I'm 28 now, and I can honestly say that it's only in the past 3 years or so I've "grown into myself". I gave up worrying long ago whether my jeans were the right style, or I had the right belt or the appropriately nonchalant attitude. I started buying CD's that appealed to me, be that Alanis Morisette or Motzart. I gave up dieting. (that's only been in the last 6 months or so). I guess, what I did in essence was: I became a student of myself. While I was occupied trying to copy others' behaviour I had never learned what *I* actually liked.
And you know, the most amazing thing happens when you let go of all that crap that you're trying to be. People love you. People admire you. And by freeing yourself of all those expectations, by loving *yourself* (god, that sounds like a Whitney Houston song!) you end up with more love to give out. I get more compliments now by being the dorky, open, compassionate human being that I am than I ever did while wearing the "right" pair of shoes.

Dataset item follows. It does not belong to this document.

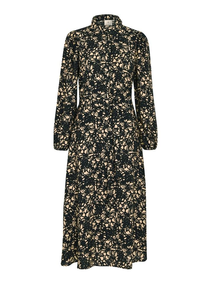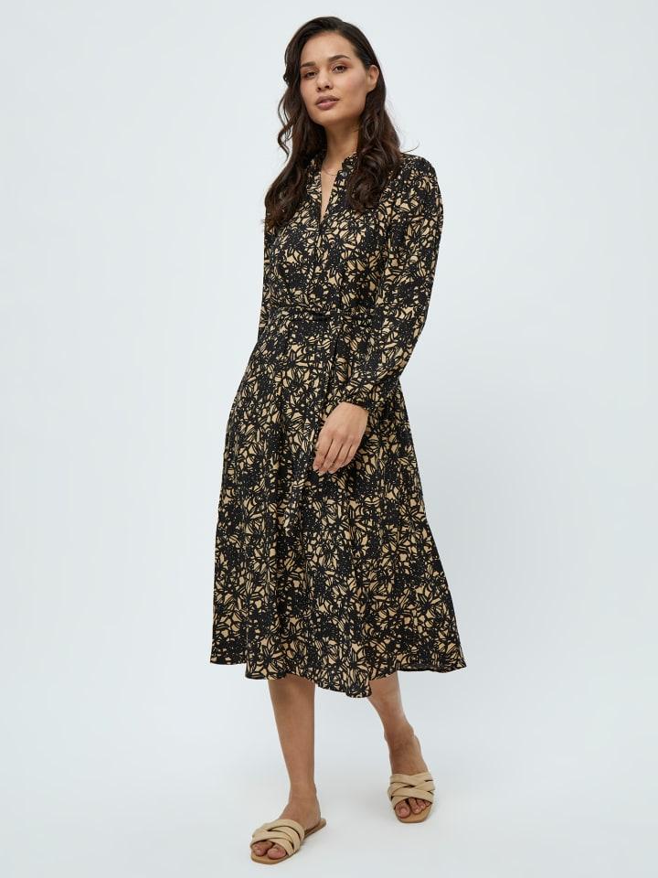 Платье миди с принтом, эластичными манжетами и рукавами-буфами. Платье имеет сборку на плечах и съемный пояс на талии.

As I'm writing this, I'm suddenly thinking I might sound like I'm preaching! I'm not. I know nothing, really. Just learning. I still have many days when I'm that 10 year old kid sobbing on the oval because no-one asked me to join in kiss-chasey. I just wanted to post this because I'm sure that I'm not alone in what I went through, and I know there's a lot of kids who post in here who don't particularly like themselves much. I just wanted to say: you will. It gets better.